This document discusses the practice of female genital mutilation (FGM) in Nigeria and is an update of a COI Focus of 12 October 2015. Four countries account for two thirds of cut women worldwide: Egypt, Ethiopia, Sudan and Nigeria, which has the largest population in Africa (178.5 million inhabitants in 2014). With 20 million cut women, Nigeria is also the country with the largest number of women who underwent FGM.
The previous version of this research was based on figures from the 2013 Demographic and Health Survey (DHS 2013). For this update, Cedoca uses figures from the Multiple Indicator Cluster Survey 2016-17, (MICS 2017), which were published in February 2018.
According to the MICS 2017, 18.4 % of women aged between 15 and 49 in Nigeria underwent FGM. This figure rises to 25.3 % for girls between 0 and 14 years.
Among these women and girls, the most frequent forms of FGM involve the removal of flesh, often at a very early age. Recutting and reinfibulation are very rarely practiced.
FGM is mainly practiced in the south of the country, especially in Osun, Ebonyi, Ekiti, Imo, Oyo and Kwara States.
The higher a family’s wealth index quintile, the more FGM tends to be practiced on women at a later age. Conversely, 43 % of girls in the poorest wealth index quintile have been subjected to cutting versus 14,4 % in the highest wealth index quintile.
Parents believe FGM prevents sexual promiscuity and infidelity, increases fertility and marriage opportunities, facilitates birth, prevents neonatal mortality, and conforms to cultural standards regarding the ‘appearance’ of female genitalia. They may also have a strong desire to maintain customs and traditions transmitted by their ancestors or to conform to prevalent social norms.
The decision to practice FGM is taken by the parents of the girl, the father having the last word, even though he is kept away from the cutting procedure and the scarring process. Sometimes, the father leaves the decision with the mother, on the basis of the assumption that she knows more about the subject. A survey conducted by the Population Council has shown that grandmothers may also play an influential role in the decision.
Cutting is often practiced by traditional ‘circumcisers’, more rarely by health professionals.
Nigeria scores very low on gender equality scales developed by international bodies. This implies that discrimination against women is widespread.
The issue of female circumcision belongs to the private sphere and information on a woman’s status regarding female circumcision is not necessarily shared with other persons. The sources consulted by Cedoca do not mention major physical or social repercussions for parents who do not want their daughter to be circumcised.
Nigeria has ratified a number of international treaties condemning FGM as a form of violence against women. Campaigns to curb the practice of FGM are launched or supported by the government through several of its ministries.
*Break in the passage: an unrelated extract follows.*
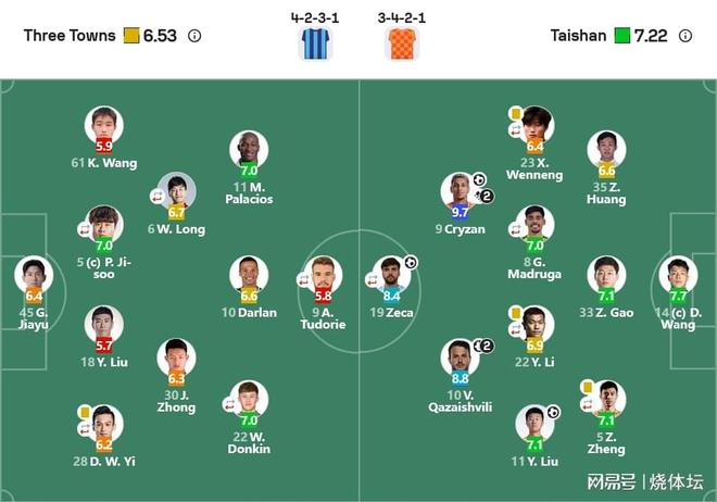 武汉三镇 首发【4-3-3】 门将:45-郭嘉宇 后卫:5-朴志洙【46分,23-任航】、18-刘奕鸣、28-王毅【72分,58-阮景威】、61-王康 中场:6-龙威【51分,8-汪晋贤】、10-达兰·门德斯、30-钟晋宝 前锋:9-图多列【79分,54-朱文传】、22-西奥斯、22-沈子贵【65分,47-闵紫曦】 替补:1-魏黾哲、14-邵镤亮、26-张涛、52-余天翔、56-张振阳、13-郑凯木、29-郑浩乾 山东泰山 首发【4-2-3-1】 门将:14-王大雷 后卫:5-郑铮【46分,38-李小恒】、11-刘洋、33-高准翼、35-黄政宇 后腰:8-马德鲁加【76分,6-王彤】、22-李源一【71分,41-依木兰】 中场:9-克雷桑、10-卡扎伊什维利、23-谢文能【76分,45-陈泽仕】 前锋:19-泽卡【81分,29-陈蒲】 替补:32-孙启航、51-刘琪玮、17-吴兴涵、27-石柯、31-赵剑非、59-梅帅军、21-刘彬彬 |

The Violence Against Persons (Prohibition) Act (VAPP Act) of May 2015 bans FGM, among other practices. For the time being, this Act only applies in the Federal Capital Territory and has to be approved by the legislative assembly of a federal state in order to come into force in that state.
Twelve federal States have however adopted specific laws banning FGM.
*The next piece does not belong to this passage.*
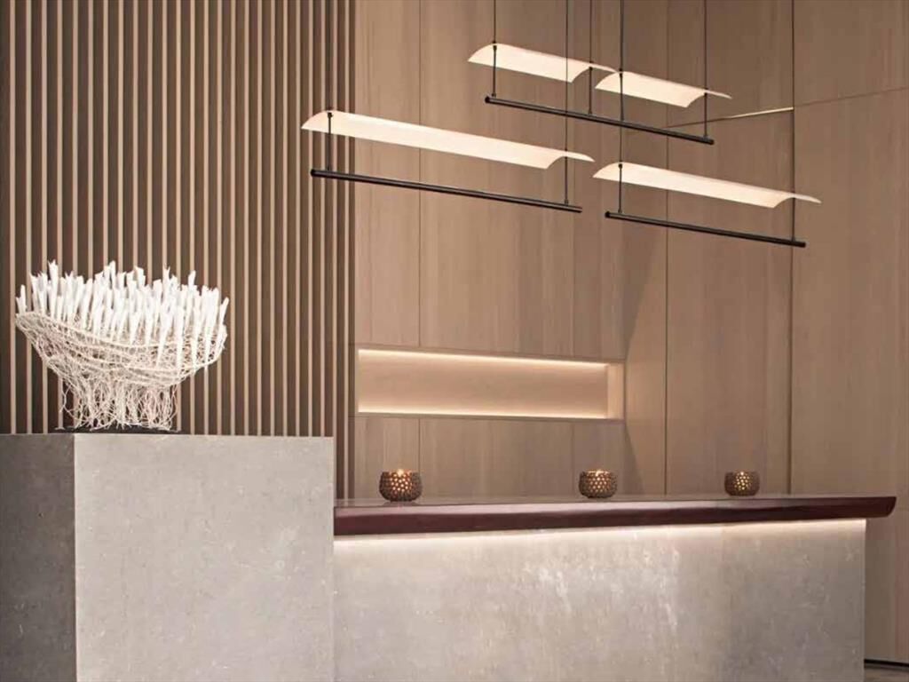 El edificio cuenta con recepción moderna, patio interior con vegetación, salón de usos múltiples (SUM), piscina y vestuario, gimnasio, sauna seco y bicicletero.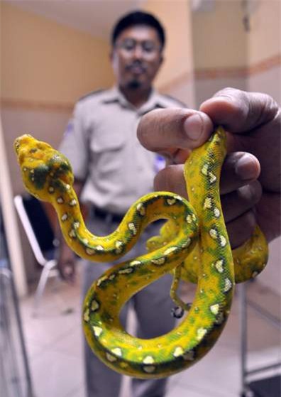 2011, hải quan sân bay Indonesia đã bắt được một con trăn cảnh, đây chỉ

The Nigeria Police Force (NPF) is the main law enforcement agency in Nigeria. Nigeria also has a two-tiered judiciary but in the Federal Capital Territory, only the Supreme Court is competent to hear and decide cases under the VAPP Act.
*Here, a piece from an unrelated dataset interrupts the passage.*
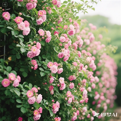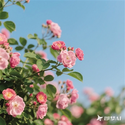 初夏的风掠过街角,蔷薇花便顺着墙倾泻而下。粉白、嫣红的花瓣层层叠叠,像被揉碎的晚霞泼洒在绿叶间。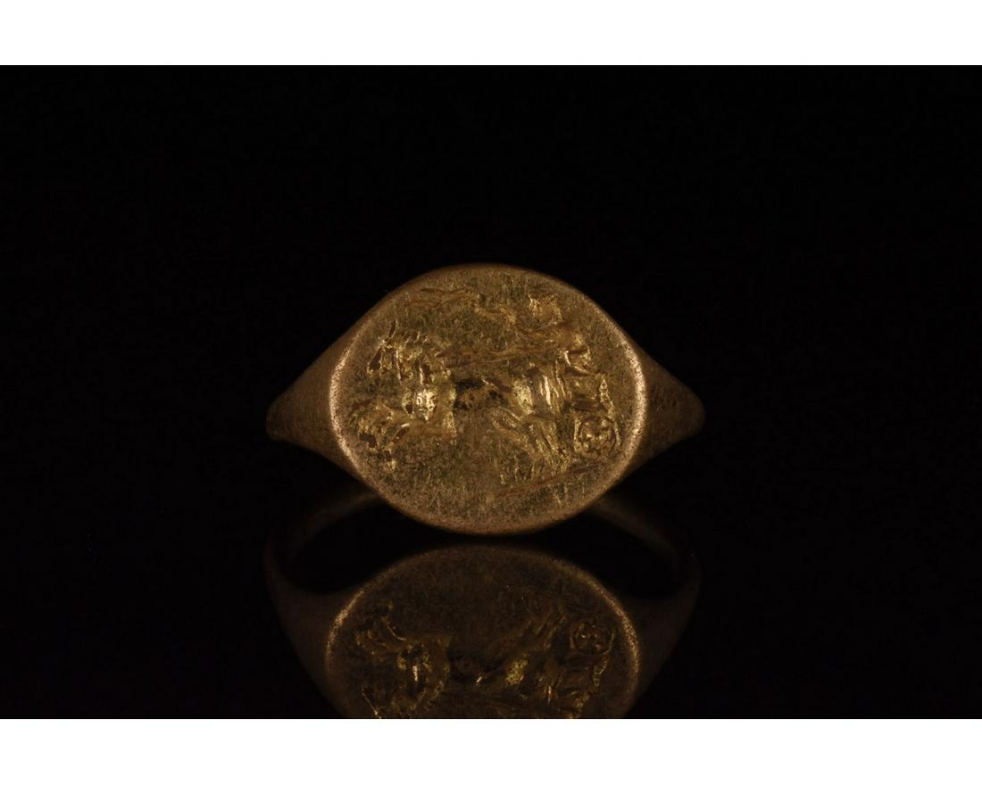 HELLENISTIC GOLD RING WITH CHARIOT - XRF TESTED

According to the sources consulted by Cedoca, no one involved in FGM has ever been sentenced by a court. Difficulties arise in relation to women’s access to justice, especially in rural areas. Cultural practices are also an obstacle to legal redress.
The main actors promoting awareness against FGM are the State (several highly placed officials have openly taken a stance against this practice) and NGOs. However, the Population Council found that awareness campaigns and actions have minimal results.
Some hospitals have qualified personnel to treat the medical consequences of FGM. The Population Council is currently conducting research into this issue but does not as yet have detailed information it can share. For cultural reasons, psychological care is less of an option.
The policy implemented by the Commissioner General is based on a thorough analysis of accurate and up-to-date information on the general situation in the country of origin. This information is collated in a professional manner from various, objective sources, including the EASO, the UNHCR, relevant international human rights organisations, non-governmental organisations, professional literature and coverage in the media. When determining policy, the Commissioner General does not only examine the COI Focuses written by Cedoca and published on this website, as these deal with just one aspect of the general situation in the country of origin. The fact that a COI Focus could be out-of-date does not mean that the policy that is being implemented by the Commissioner General is no longer up-to-date.
When assessing an application for asylum, the Commissioner General not only considers the actual situation in the country of origin at the moment of decision-making, he also takes into account the individual situation and personal circumstances of the applicant for international protection. Every asylum application is examined individually. An applicant must comprehensively demonstrate that he has a well-founded fear of persecution or that there is a clear personal risk of serious harm. He cannot, therefore, simply refer back to the general conditions in his country, but must also present concrete, credible and personal facts.
There is no policy paper for this country available on the website.